Mar. 6, 2009


by Jane Hirshfield

In every instant, two gates.
One opens to fragrant paradise, one to hell.
Mostly we go through neither.

Mostly we nod to our neighbor,
lean down to pick up the paper,
go back into the house.

But the faint cries—ecstasy? horror?
Or did you think it the sound
of distant bees,
making only the thick honey of this good life?

"Bees" by Jane Hirshfield from The Lives of the Heart. © Harper Perennial, 1997. Reprinted with permission. (buy now)

It's the birthday of the poet Elizabeth Barrett Browning, (books by this author) born near Durham, England (1806).

It's the birthday of Michelangelo, born in the village of Caprese, Italy (1475). His first major work of art was the Pietà, a marble statue of the Madonna holding the dead Christ in her arms. The figures were perfectly balanced and carved from a single block of marble. The story was that after the statue had been put on display, Michelangelo went to see it and overheard a crowd of people praising its beauty. Someone asked who had made it, and another replied that it was il Gobbo, from Milan.
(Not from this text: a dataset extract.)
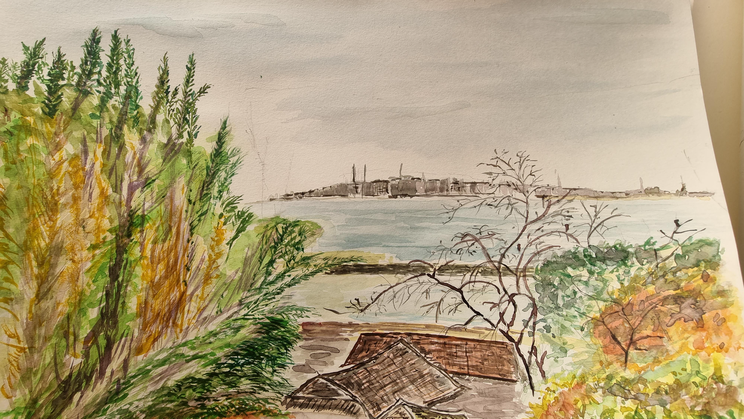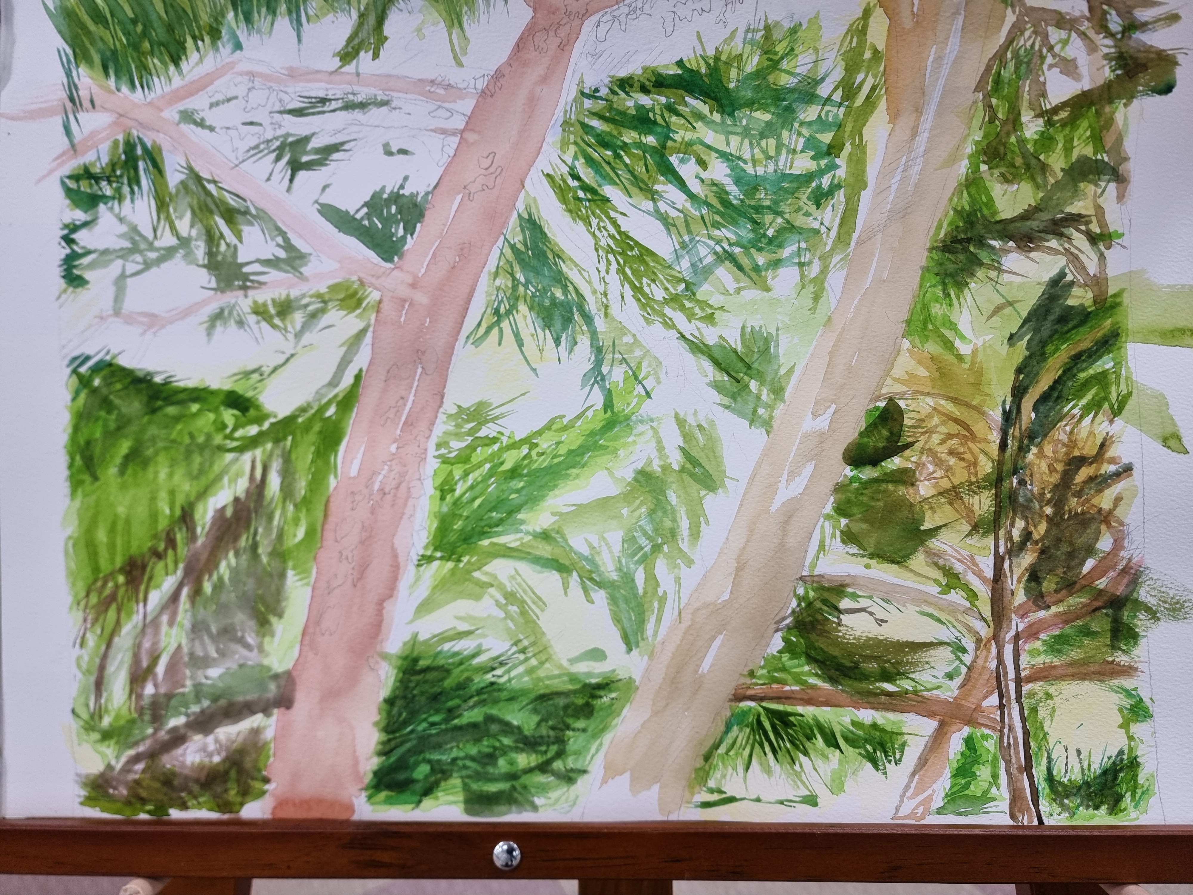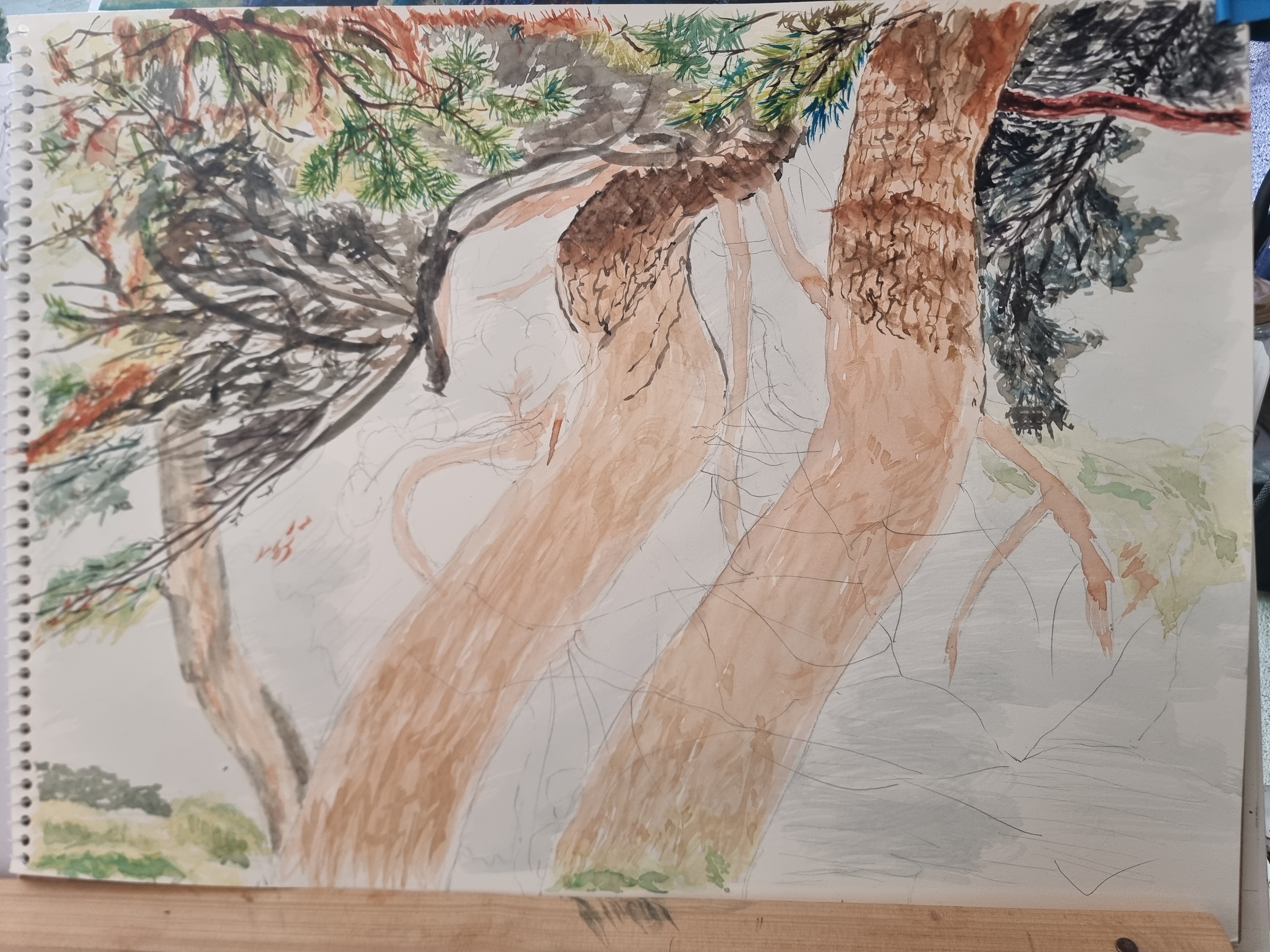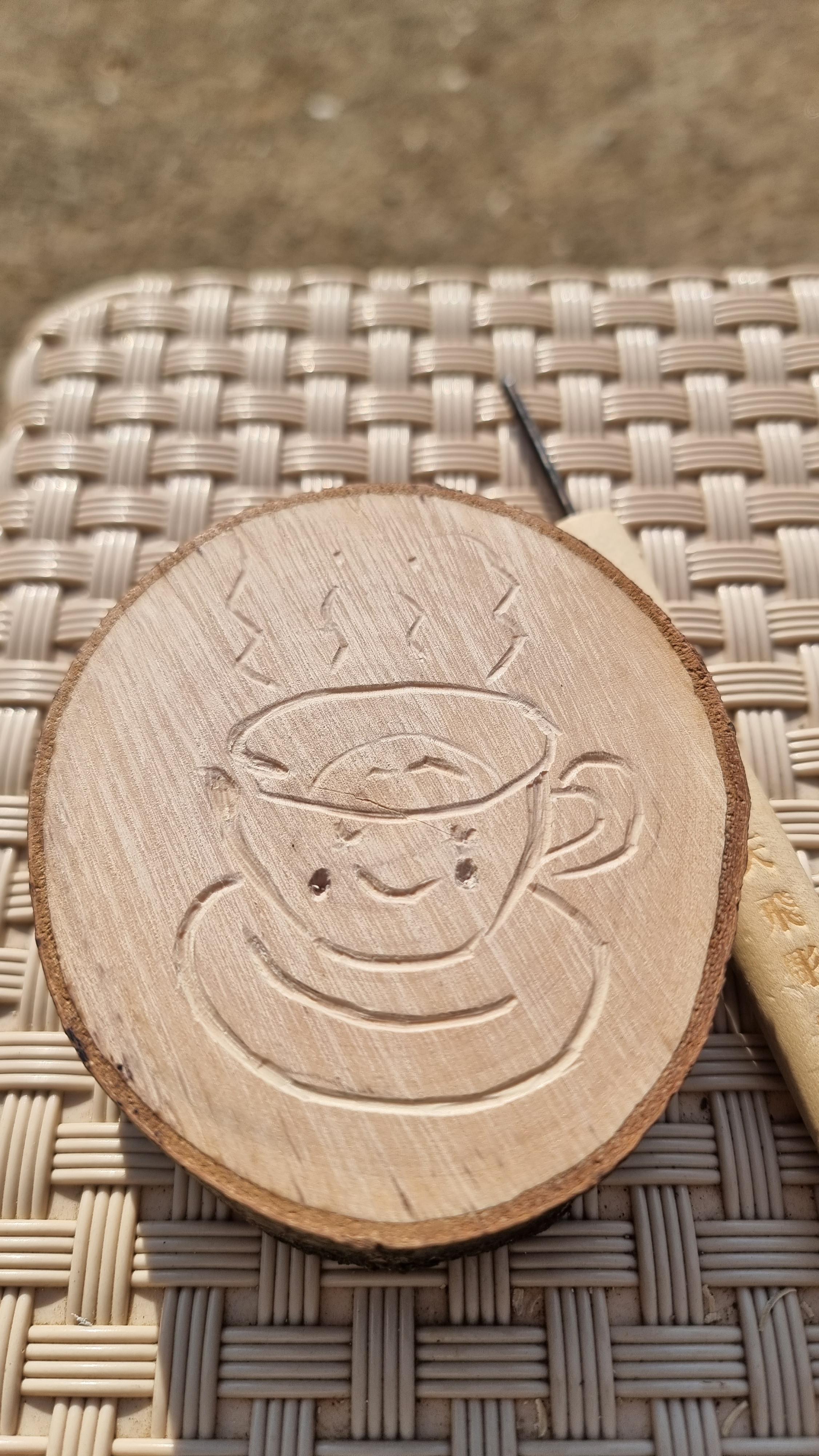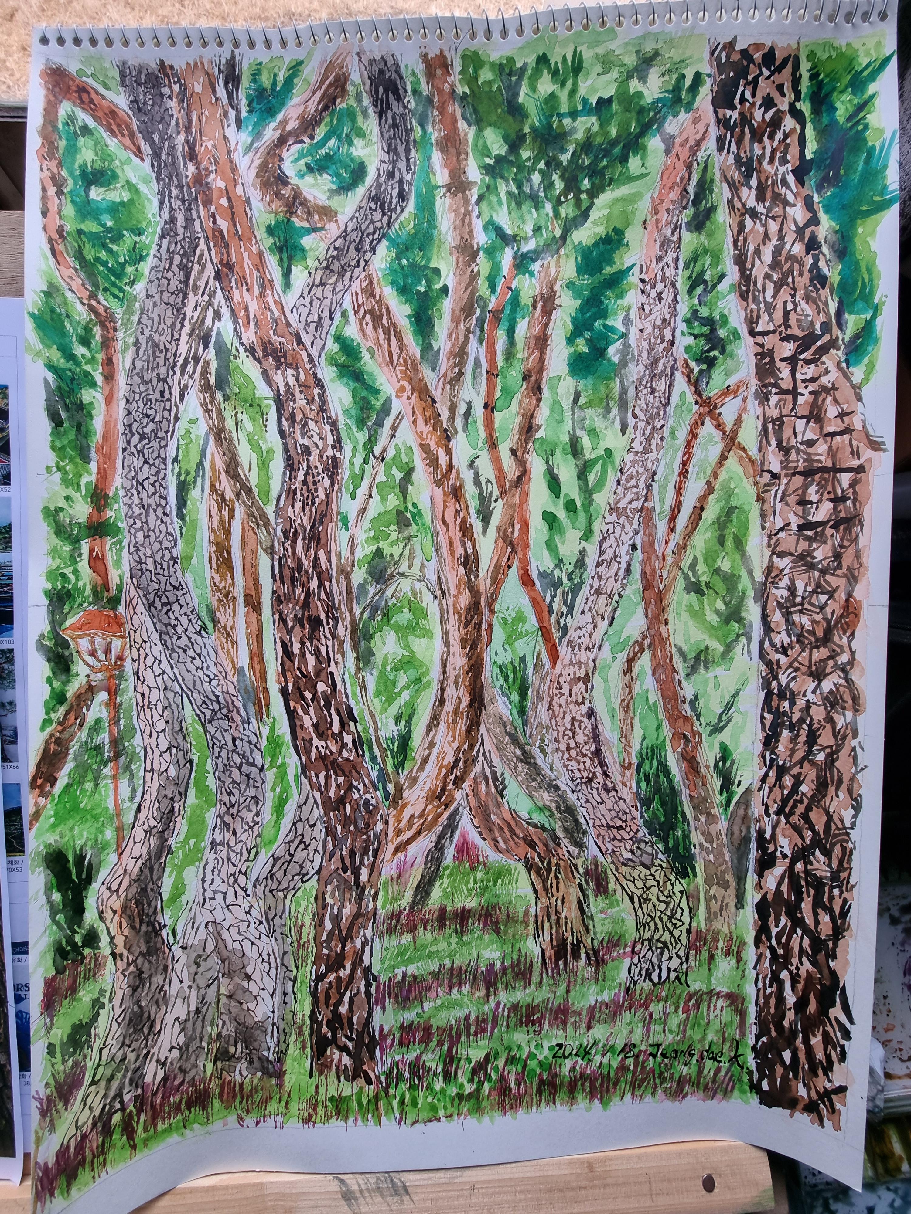 - 집에 와서는 얼마전에 잘라다 놓은 적당한 나무토막으로 집에 손님이 오거나 해서 밖에서 커피 등을 마시게 될 경우, 뜨거운 커피 포트나 작은 용기를 올려 놓을 수 있는 받침대를 만들고, 그것에 커피 포트 모양을 새겨 보았다. 또 점심을 먹고는 가끔 조금씩 그리고 있던 그림에도 채색을 좀 해봤다. 아직 완성하기는 이르지만 조금씩 하는 것이 오히려 더 좋은 느낌이다. 그러다 보니 하루가 또 다갔다.

That night, Michelangelo locked himself in with the statue and carved an inscription on the Madonna's robe that reads "Michelangelo Buonarroti the Florentine made this." It was the only work he ever signed.

It's the birthday of Nobel Prize-winning author Gabriel García Márquez, (books by this author) born in Aracataca, Colombia (1928). He was the oldest of 12 children. His father, Gabriel Eligio García, was a telegraph operator and medical school dropout. He fathered four illegitimate children before wooing Luisa Márquez, the daughter of a leftist colonel who strongly opposed the romance. But Gabriel Eligio was determined to marry Luisa, and her father finally relented. Gabriel García Márquez used the story of his parents' courtship in Love in the Time of Cholera (1985).

Shortly after birth, he was sent to live with his grandparents in a big gloomy house. His grandmother told him folktales full of ghosts and omens and supernatural events. And his grandfather, the leftist colonel, was the most important person in his life. The colonel had fought in two civil wars, and he often told his grandson, "You can't imagine how much a dead man weighs." He took the boy to the circus every year, and he introduced him to ice. García Márquez used that memory in the opening lines of his novel One Hundred Years of Solitude: "Many years later, as he faced the firing squad, Colonel Aureliano Buendía was to remember that distant afternoon when his father took him to discover ice."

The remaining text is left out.